Stored entries:

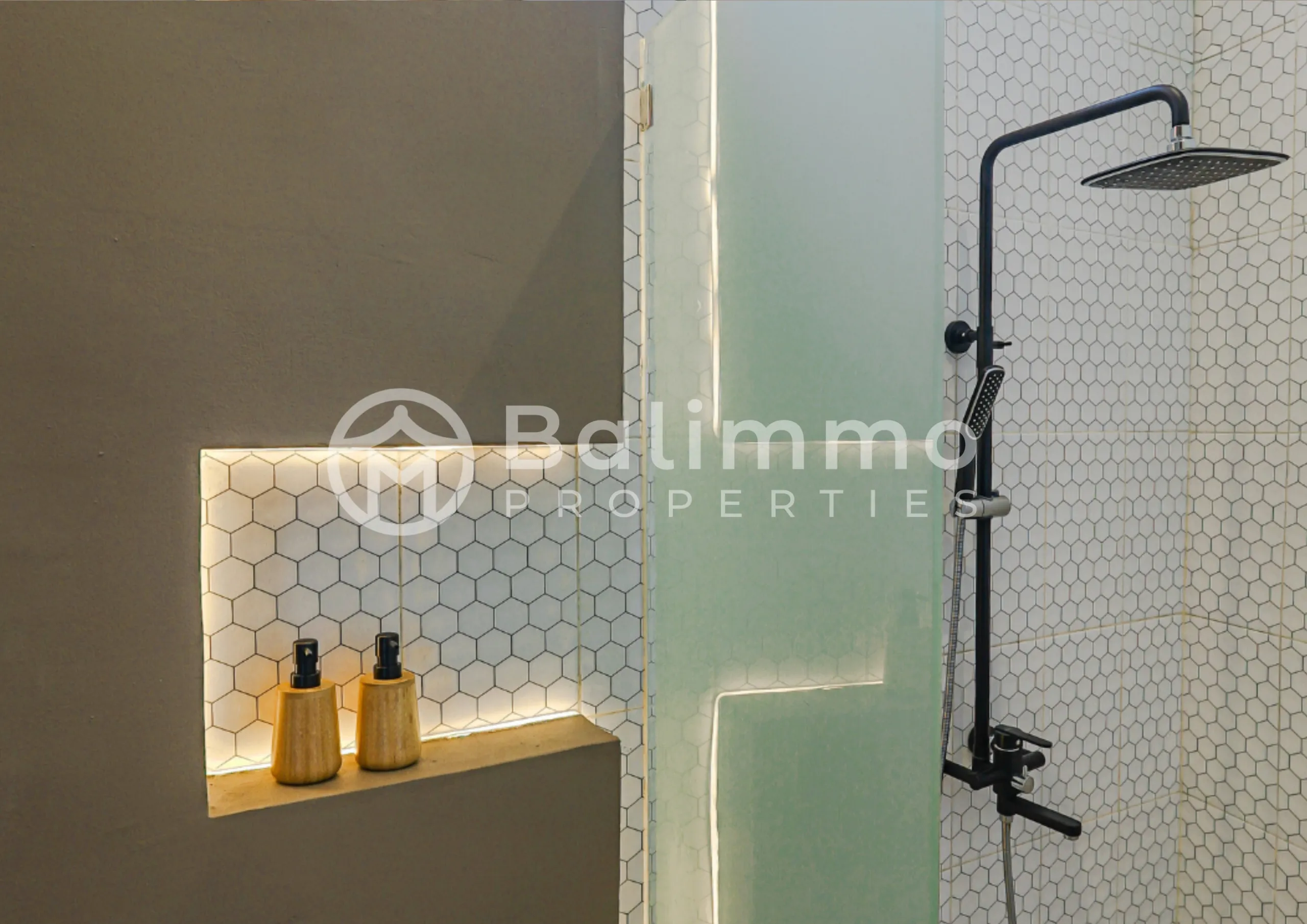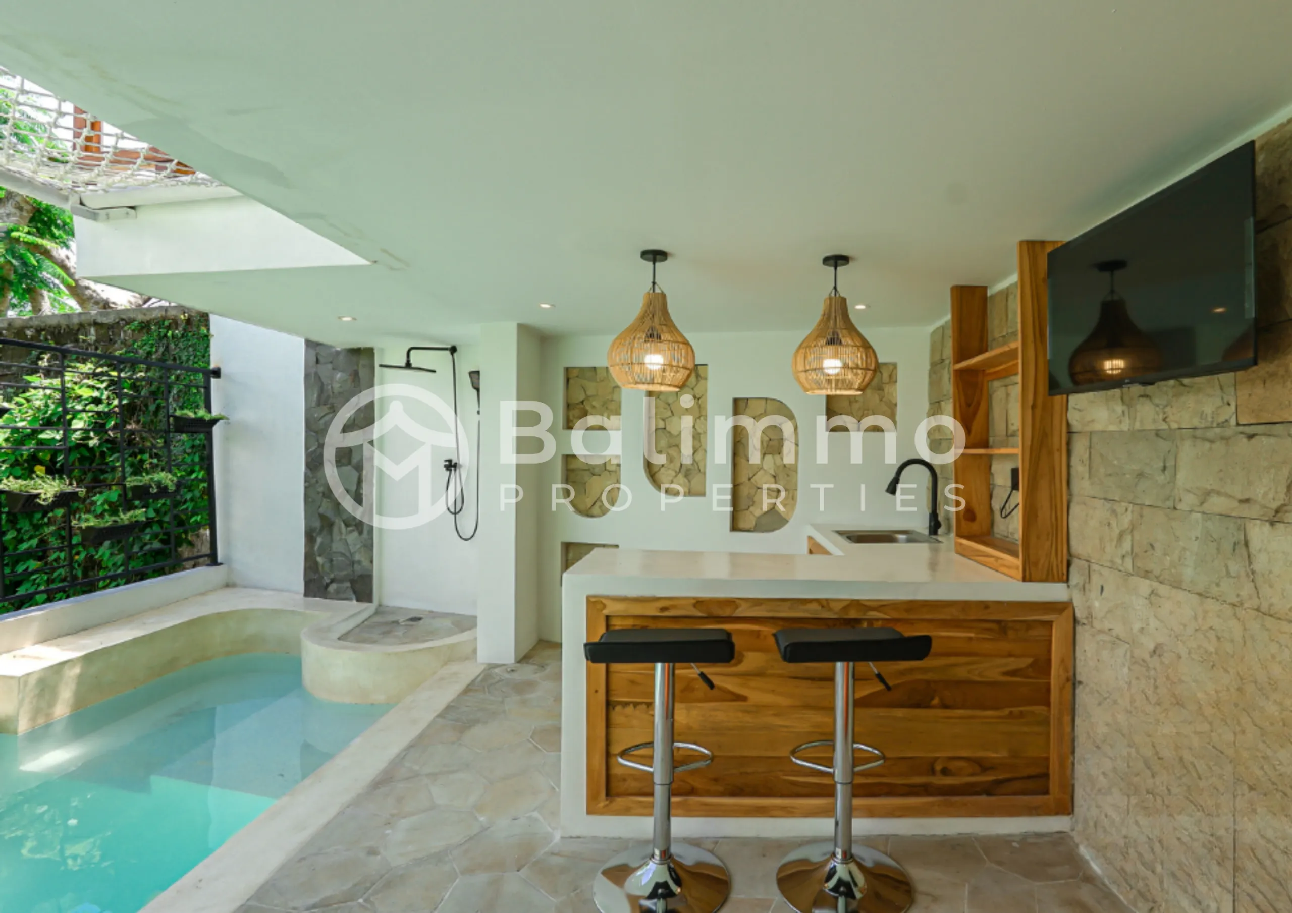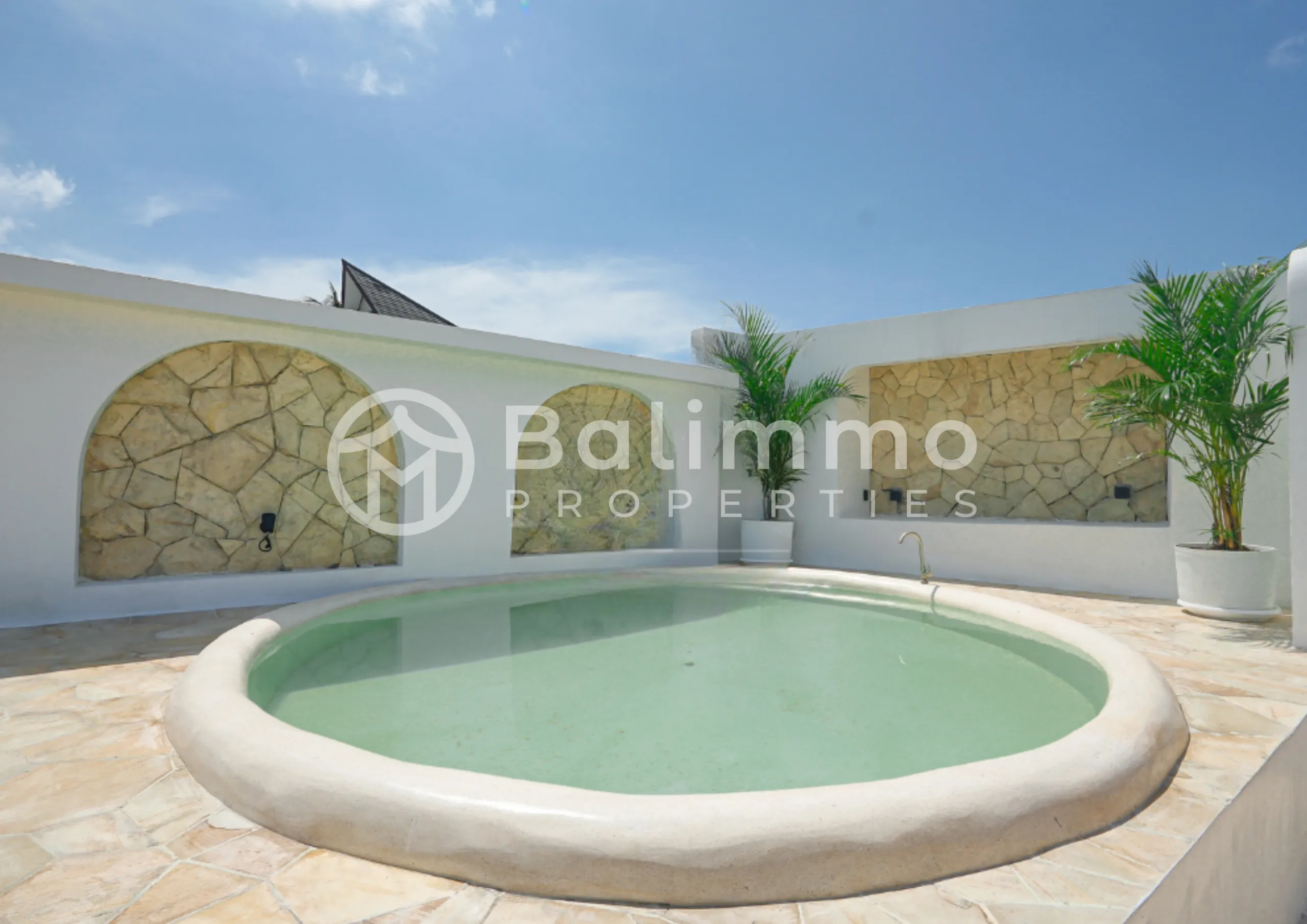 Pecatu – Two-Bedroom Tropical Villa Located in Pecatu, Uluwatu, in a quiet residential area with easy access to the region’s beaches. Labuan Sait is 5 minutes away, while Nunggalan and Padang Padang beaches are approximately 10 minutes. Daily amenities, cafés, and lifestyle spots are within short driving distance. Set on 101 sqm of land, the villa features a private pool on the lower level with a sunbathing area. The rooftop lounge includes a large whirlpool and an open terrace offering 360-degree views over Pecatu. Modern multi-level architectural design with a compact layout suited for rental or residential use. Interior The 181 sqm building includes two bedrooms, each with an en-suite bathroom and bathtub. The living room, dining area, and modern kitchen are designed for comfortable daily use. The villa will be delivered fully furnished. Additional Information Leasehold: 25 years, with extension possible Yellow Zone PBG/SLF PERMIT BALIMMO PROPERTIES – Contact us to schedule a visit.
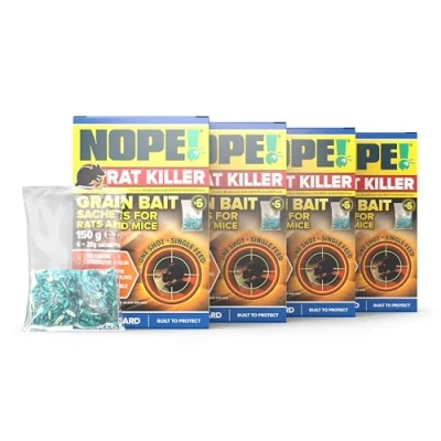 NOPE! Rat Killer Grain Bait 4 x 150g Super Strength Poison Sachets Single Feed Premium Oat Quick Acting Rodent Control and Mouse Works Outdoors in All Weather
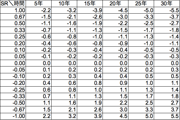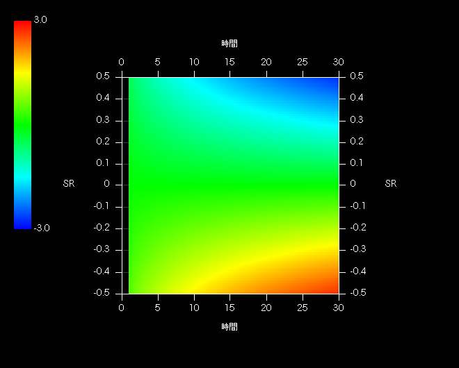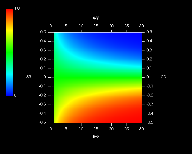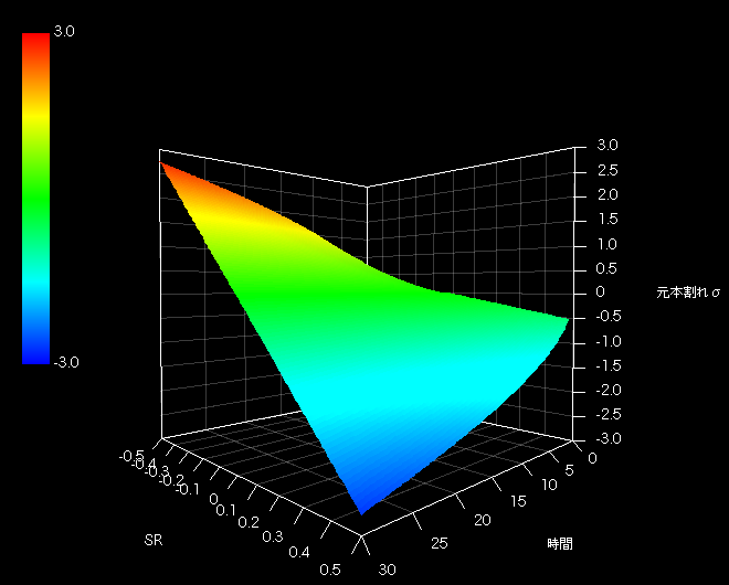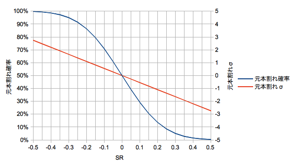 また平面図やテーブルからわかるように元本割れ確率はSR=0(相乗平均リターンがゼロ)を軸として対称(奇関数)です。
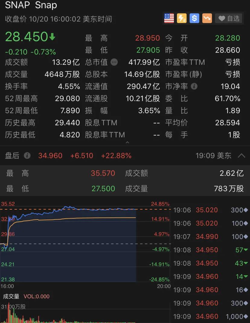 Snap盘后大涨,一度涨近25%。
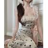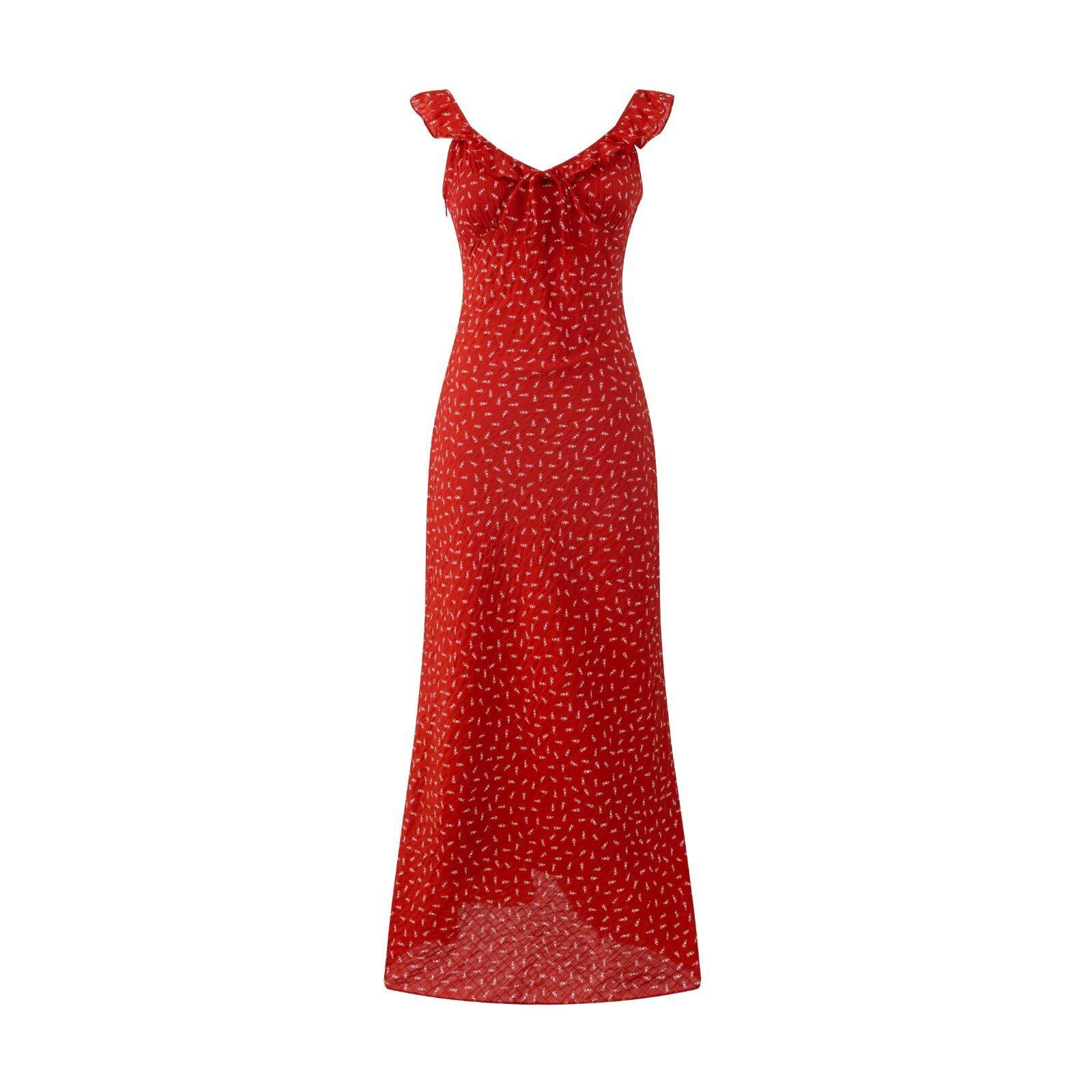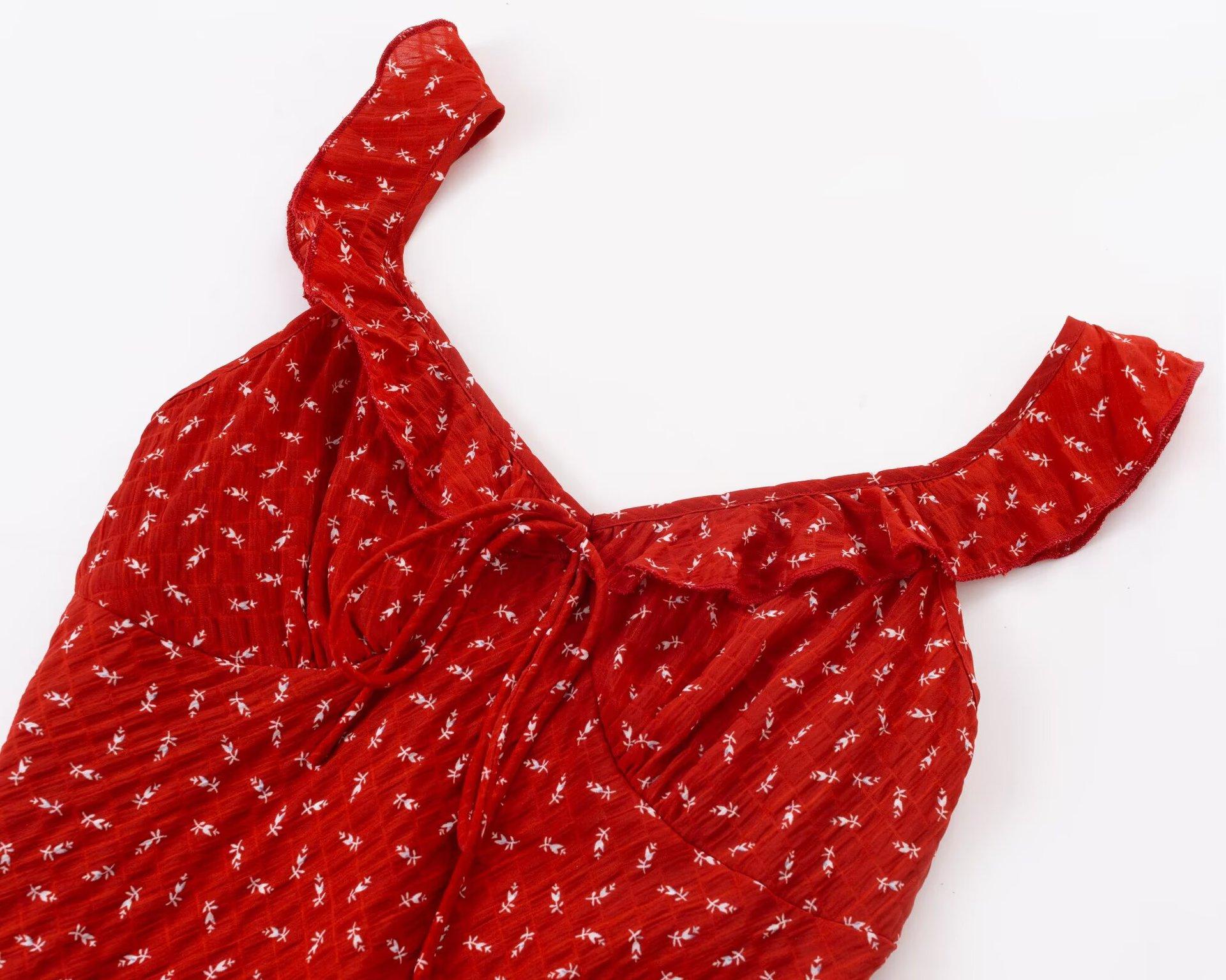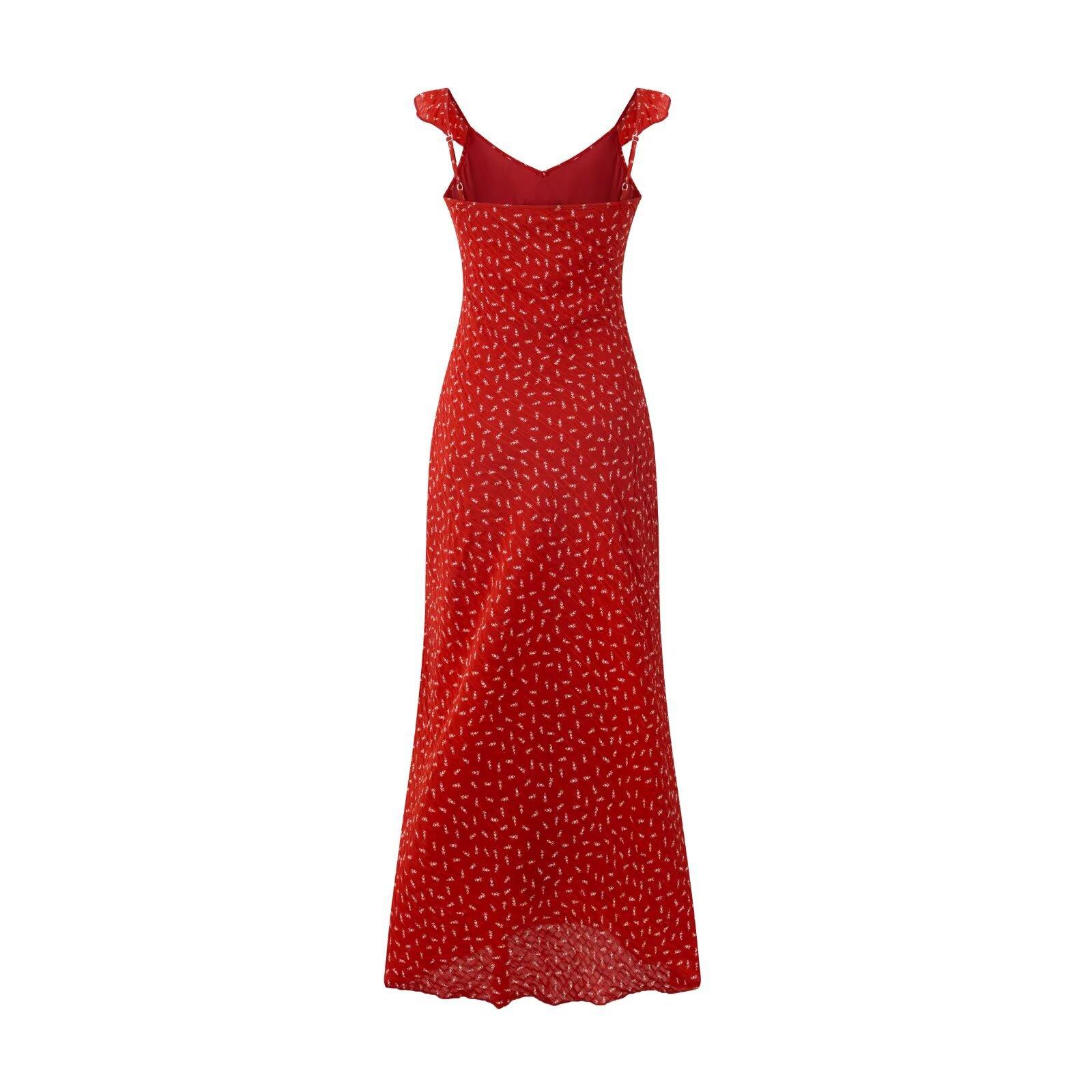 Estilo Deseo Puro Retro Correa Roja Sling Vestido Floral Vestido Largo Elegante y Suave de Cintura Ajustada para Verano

:: Problem details ::
Copy each entry exactly, with no pictures.

:: Solved exercise ::
 Pecatu – Two-Bedroom Tropical Villa Located in Pecatu, Uluwatu, in a quiet residential area with easy access to the region’s beaches. Labuan Sait is 5 minutes away, while Nunggalan and Padang Padang beaches are approximately 10 minutes. Daily amenities, cafés, and lifestyle spots are within short driving distance. Set on 101 sqm of land, the villa features a private pool on the lower level with a sunbathing area. The rooftop lounge includes a large whirlpool and an open terrace offering 360-degree views over Pecatu. Modern multi-level architectural design with a compact layout suited for rental or residential use. Interior The 181 sqm building includes two bedrooms, each with an en-suite bathroom and bathtub. The living room, dining area, and modern kitchen are designed for comfortable daily use. The villa will be delivered fully furnished. Additional Information Leasehold: 25 years, with extension possible Yellow Zone PBG/SLF PERMIT BALIMMO PROPERTIES – Contact us to schedule a visit.
 NOPE! Rat Killer Grain Bait 4 x 150g Super Strength Poison Sachets Single Feed Premium Oat Quick Acting Rodent Control and Mouse Works Outdoors in All Weather
 また平面図やテーブルからわかるように元本割れ確率はSR=0(相乗平均リターンがゼロ)を軸として対称(奇関数)です。
 Snap盘后大涨,一度涨近25%。
 Estilo Deseo Puro Retro Correa Roja Sling Vestido Floral Vestido Largo Elegante y Suave de Cintura Ajustada para Verano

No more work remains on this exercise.